Employee art show wows attendees


Cathie Lawrence • Experience

Professor Lucy Snow (rear) and student Jessica Walters admire Kathryn Nielsen’s basket weaving.

It was an evening of wonder and amazement as a crowd of enthusiasts gathered inside the LMC Art Gallery Thursday, Sept. 4 for a reception commemorating the annual Faculty and Staff Exhibition currently on display.

The exhibit, which features works by a variety of employees that work inside and out of the college art programs, left viewers with a new outlook towards some of the artists here on campus.

“That is so awesome,” said student Raquel Rynders as she commented on Eloine Chapman’s “Study In Silver”, one of many pieces she entered for this years exhibit.

“I had no clue they were this talented,” said Jamila Brown, an art major with a focus on ceramics.

Organized by gallery director Judi Pettite and her students, the reception was open for all those who had an interest in the arts and gave them a chance to meet and speak with the artists whose pieces were featured.

A small group listened as artist Kathryn Nielsen described the process she uses to weave pine needles into intricate designs made to create her elaborate baskets.

“I work a couple hours a day, a week,” said Nielsen to an attendee. “You just keep adding pine needles as you go.”

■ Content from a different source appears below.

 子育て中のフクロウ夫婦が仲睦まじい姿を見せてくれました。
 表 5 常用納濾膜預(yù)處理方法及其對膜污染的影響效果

Eloine Chapman, whose print “When The Devil Burns” received much attention, described the moment she captured the image of the enormous wildfire on Mount Diablo last year, an event that for her, struck so close to home.

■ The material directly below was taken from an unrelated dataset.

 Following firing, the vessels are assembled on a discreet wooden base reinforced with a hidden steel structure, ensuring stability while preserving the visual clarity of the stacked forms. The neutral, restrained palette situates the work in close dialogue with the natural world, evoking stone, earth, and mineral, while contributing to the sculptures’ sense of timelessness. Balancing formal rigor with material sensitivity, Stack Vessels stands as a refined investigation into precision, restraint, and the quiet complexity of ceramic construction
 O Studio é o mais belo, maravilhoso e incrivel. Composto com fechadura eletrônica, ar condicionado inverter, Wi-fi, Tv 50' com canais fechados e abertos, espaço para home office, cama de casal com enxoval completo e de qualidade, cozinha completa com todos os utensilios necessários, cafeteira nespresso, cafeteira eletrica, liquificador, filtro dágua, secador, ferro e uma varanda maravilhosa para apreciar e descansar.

“I heard the crackling as I was taking the picture,” said Chapman, remembering the setting as she waited for just the right combination of elements. “Seeing the reflection of the fire in the water,” Chapman added describing the moment she decided to snap the camera lens. “That’s the image, I can go now.”

While some of the pieces on display did indeed capture the essence of everyday life, others offered an imaginative look into the minds of their creators.

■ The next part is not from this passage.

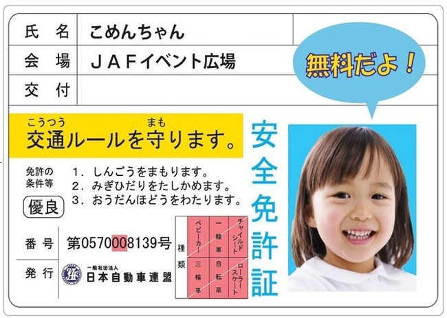 当日はJAFブースにて子ども安全免許証を無料発行します!(10:00~15:00)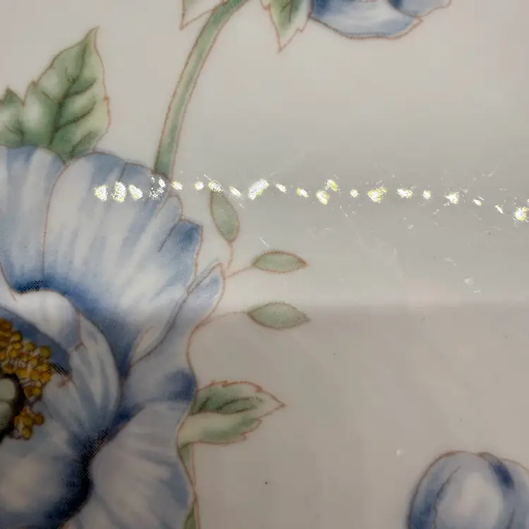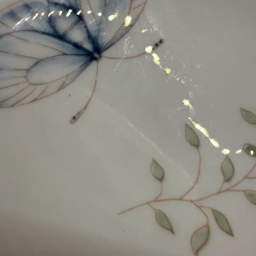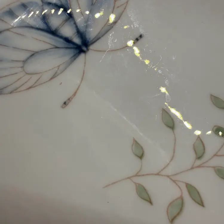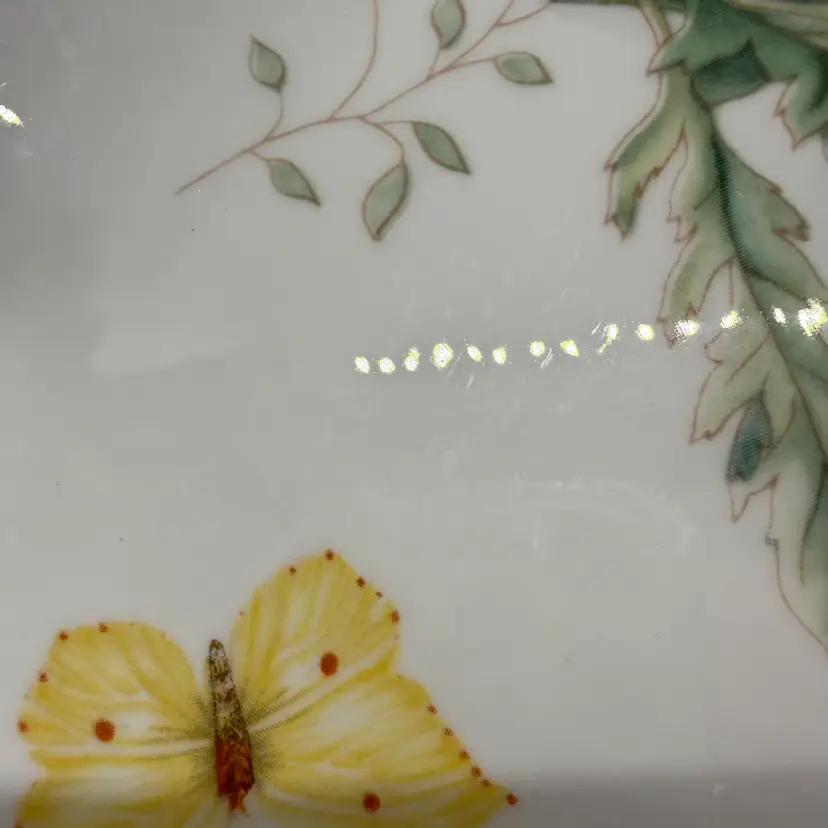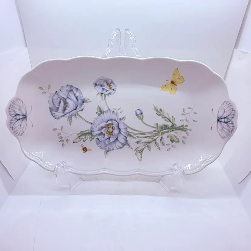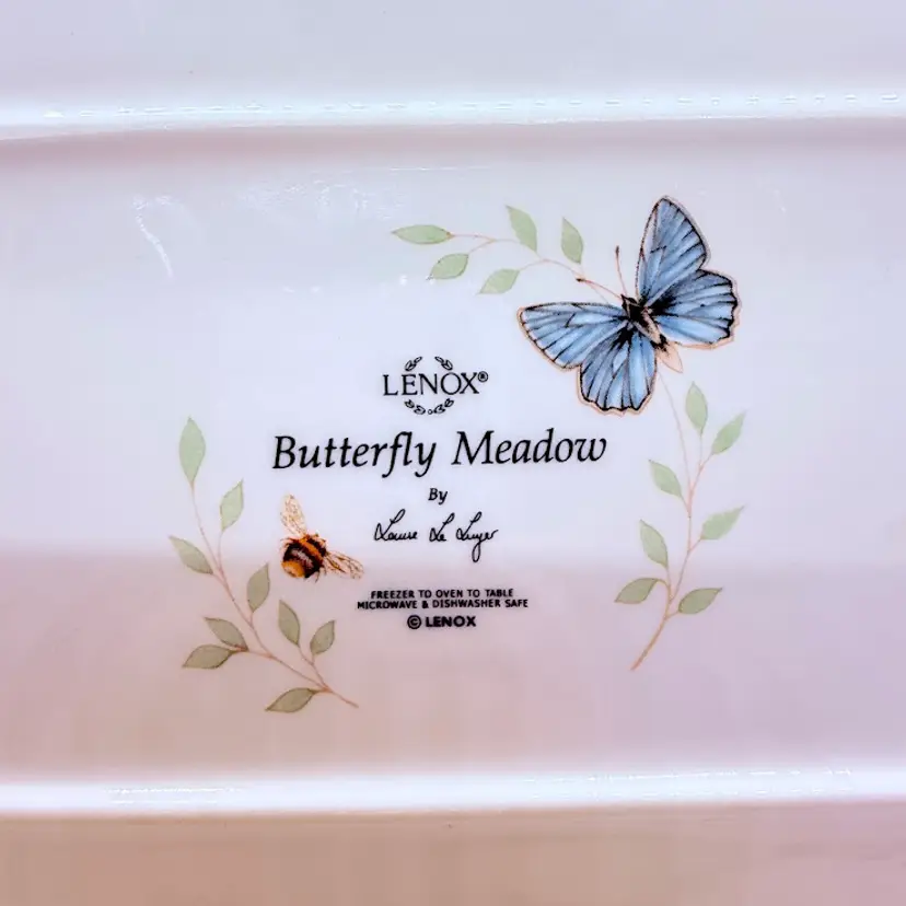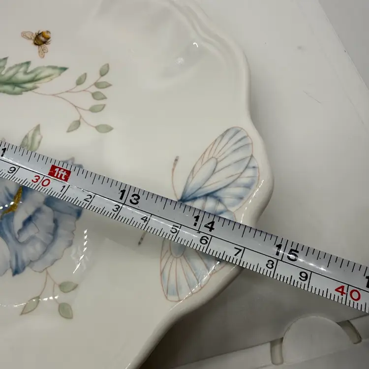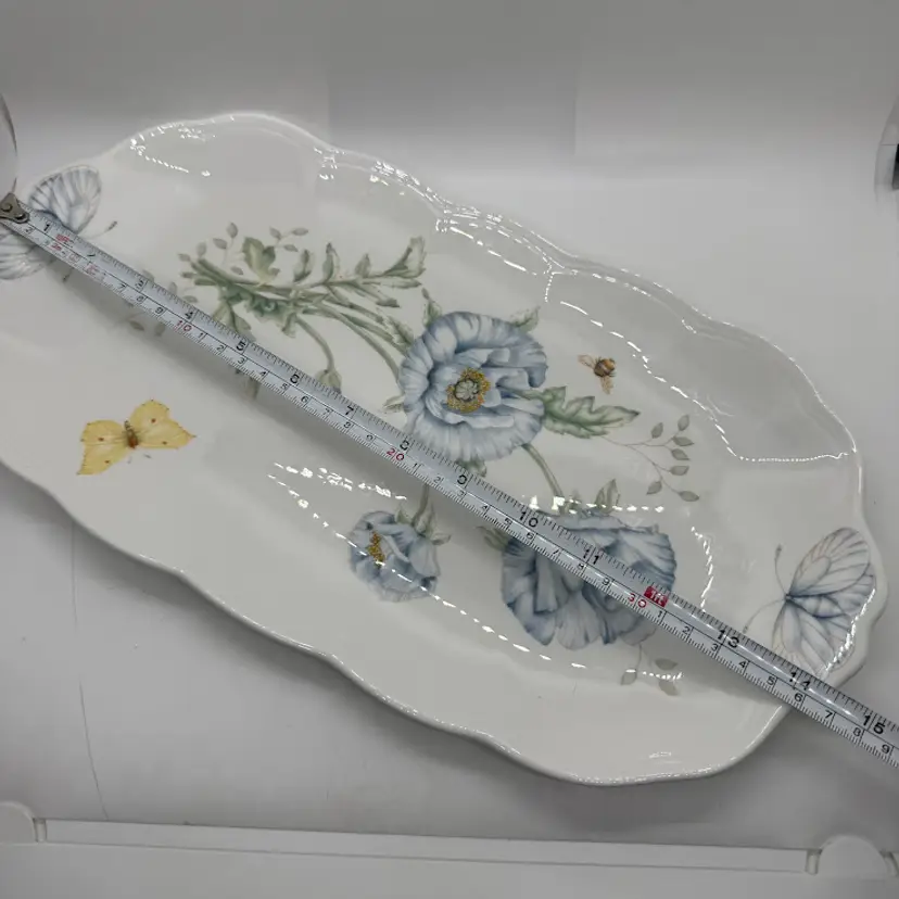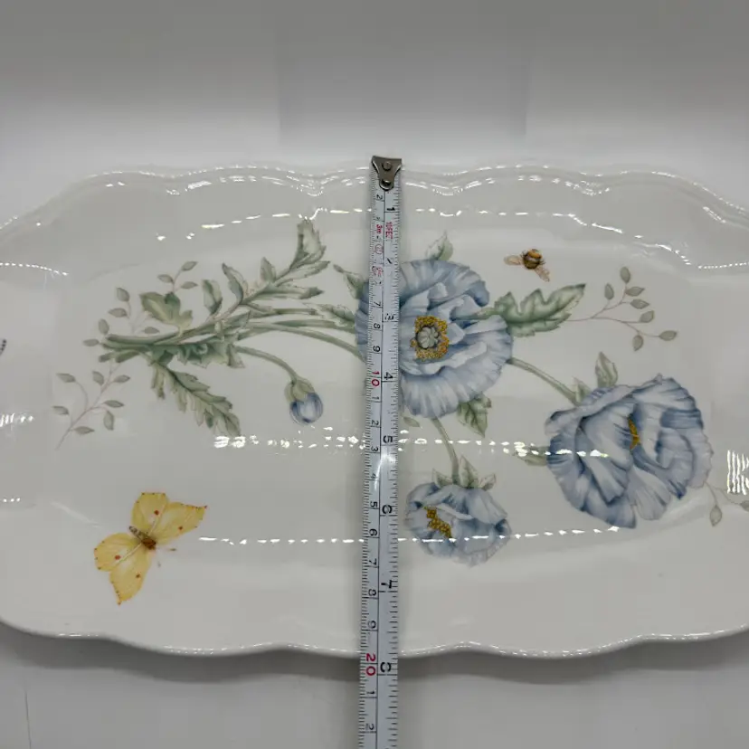 Lenox Butterfly Meadow Oblong Sandwich Serving Tray Serveware. Blue hydrangea flowers with a bee, butterflies, and moths. No chips or cracks. Signs of light wear and use such as surface scratching and scuffing. Please see pictures.

“We’re all on a search,” said artist Ken Alexander, reflecting on his piece “Dreams Are Myth,” a fantasy related painting that differs from some of his other works. “Sometimes we are looking for something, and it’s right there.”

As the crowd moved through the gallery looking at the various pieces, they enjoyed the many snacks and refreshments Pettite and her students provided. Chips, cookies and fresh fruit and vegetables were among the available treats. Fresh lemonade was constantly replenished by Assistant Curator and arts major Ty Gocuan, one of many tasks director Pettite assigns to her students as part of the “vocational” aspect of her curriculum.

Throughout the evening, many of the artists offered their own opinions towards some of the works their colleagues produced.

“I really like Judi’s paintings,” said Lucy Snow as she pointed to one of the gallery director’s untitled paintings. “I like where my mind goes when I look at them.”

While all the artists received their fair share of praise from their peers, one whose absence from the reception was felt by many and indeed captured the attention of employees and students alike.

“I love Gil’s work,” said Pettite, describing the various wood carved pieces entered by artist Gil Amaral. “I’m found of Gil because he finds art anywhere. We’ll definitely miss him.”

Gil Amaral, who recently retired from LMC, is responsible for many of the landscape features seen on campus. He is also known by his fellow artists for his ability to find raw pieces of wood on campus and carve into the physical forms from his imagination.

As the reception concluded, those who attended the event left with a better look into the artistic side of some of LMC’s faculty and staff, both those in the art department and those outside who just share the same passion for their art.

For those interested in viewing the works of art currently on display, regular gallery hours are Tuesday, Wednesday and Thursday from 12:30 to 2:30 p.m. and reopened later from 4 to 6 p.m.

The Faculty and Staff exhibit will continue to run until Sept. 24 at which time it will be removed to make room for the next exhibit which will feature the works of Ann Holsberry and focus on the art of cyanotype prints.